A technology park long planned on the grounds of the FAA’s William J. Hughes Technical Center will now be an offshoot of The Richard Stockton College of New Jersey.

On Wednesday, the college’s board authorized a three-year agreement making the park an auxiliary organization of the college. With the agreement comes a promise from Stockton to supplement the park’s operating expenses during the initial years of development, though no dollar amount is named in the agreement.

The move was made in part due to the Federal Aviation Administration’s request that the park, a registered nonprofit organization, find a stable development partner for the project first announced eight years ago. Wednesday’s action will allow for a lease transfer necessary for the project, beleaguered by delays and mismanagement, to move forward.

“Think of the financial strength of Stockton College. Then think of the financial strength of (the park). There wasn’t any until now,” said former state Assemblyman Ed Salmon, president of the park’s board. “This provides us with the backing to move forward.”

Long known as the NextGen Aviation Research and Technology Park, the project has been a nod to the FAA’s NextGen plan to make air travel more efficient by switching from a radar-based system to a satellite-based system.

With Wednesday’s action, however, the college has eliminated “NextGen” from the park’s name, instead calling it the Stockton Aviation Research and Technology Park.

Stockton President Herman Saatkamp has said he does not like including NextGen in the park’s name as he believes the park will attract aviation work outside of NextGen, particularly in the realm of unmanned aircraft systems. Stockton, the park and Atlantic City International Airport are all involved in New Jersey’s bid to become one of six unmanned aircraft system testing sites across the country.

The federal government’s NextGen program has been slow to unfold. Billions in funding have been announced, but only a fraction has been released.

Over time, officials have said they don’t believe the park has to be exclusively tied to the federal program used as a selling point in early years. Officials initially argued that aviation companies would want to be located in the park as NextGen was developed to be close to the Hughes Technical Center, the nation’s lone federal laboratory for air transportation systems.
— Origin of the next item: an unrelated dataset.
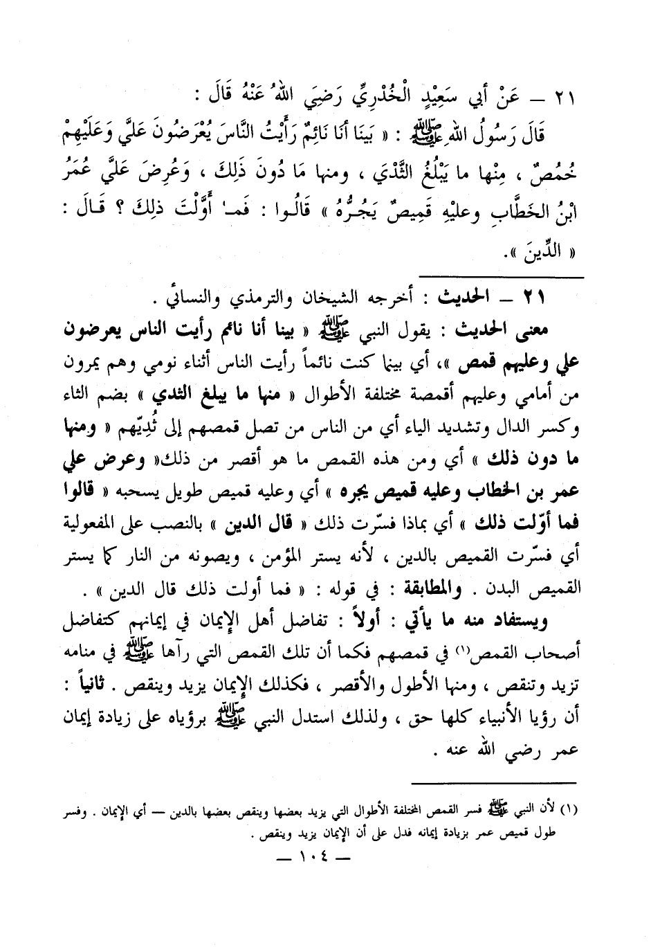 معنى الحديث: يقول النبي - صلى الله عليه وسلم - " بينا أنا نائم رأيت الناس يعرضون علي وعليهم قمص "، أي بينما كنت نائماً رأيت الناس أثناء نومي وهم يمرون من أمامي وعليهم أقمصة مختلفة الأطوال " منها ما يبلغ الثدي " بضم الثاء وكسر الدال وتشديد الياء أي من الناس من تصل قمصهم إلى ثُدِيّهم " ومنها ما دون ذلك " أي ومن هذه القمص ما هو أقصر من ذلك " وعرض علي عمر بن الخطاب وعليه قميص يجره " أي وعليه قميص طويل يسحبه " قالوا فما أوّلت ذلك " أي بماذا فسّرت ذلك " قال الدين " بالنصب على المفعولية أى فسّرت القميص بالدين، لأنه يستر المؤمن، ويصونه من النار كما يستر القميص البدن. والمطابقة: في قوله " فما أولت ذلك قال الدين ".

Plans for the park were first announced nearly eight years ago in October 2005. Almost immediately, Stockton was at the helm of the project, but over time other entities took a more central role.

“That park has taken longer in development than anyone ever hoped it would,” Saatkamp said Wednesday. “But we’re making progress today in a way that we had hoped for four or five years ago.”

State colleges are permitted to have nonprofit auxiliary organizations under a 1982 state law. Most often, this allows for these organizations to operate student centers, pubs, dormitories and bookstores provided they support the educational purposes of the college.

Park Executive Director Ron Esposito said with Stockton’s backing the park will continue to pursue a lease for its land. The land is currently owned by the FAA and leased to the South Jersey Economic Development District. Under past leadership, the district incurred more than $1 million in debt while leading the project.

The park’s current budget is $292,905, with about 70 percent funded by membership fees. The remainder is funded by the Casino Reinvestment Development Authority, which has provided money for the park’s operating expenses for years but never intended to do so indefinitely, officials have said.

Esposito said the park’s board will be working on the coming year’s budget with Stockton’s assistance in mind, though exact financing has yet to be decided. Amendments to the current year’s budget may also be considered.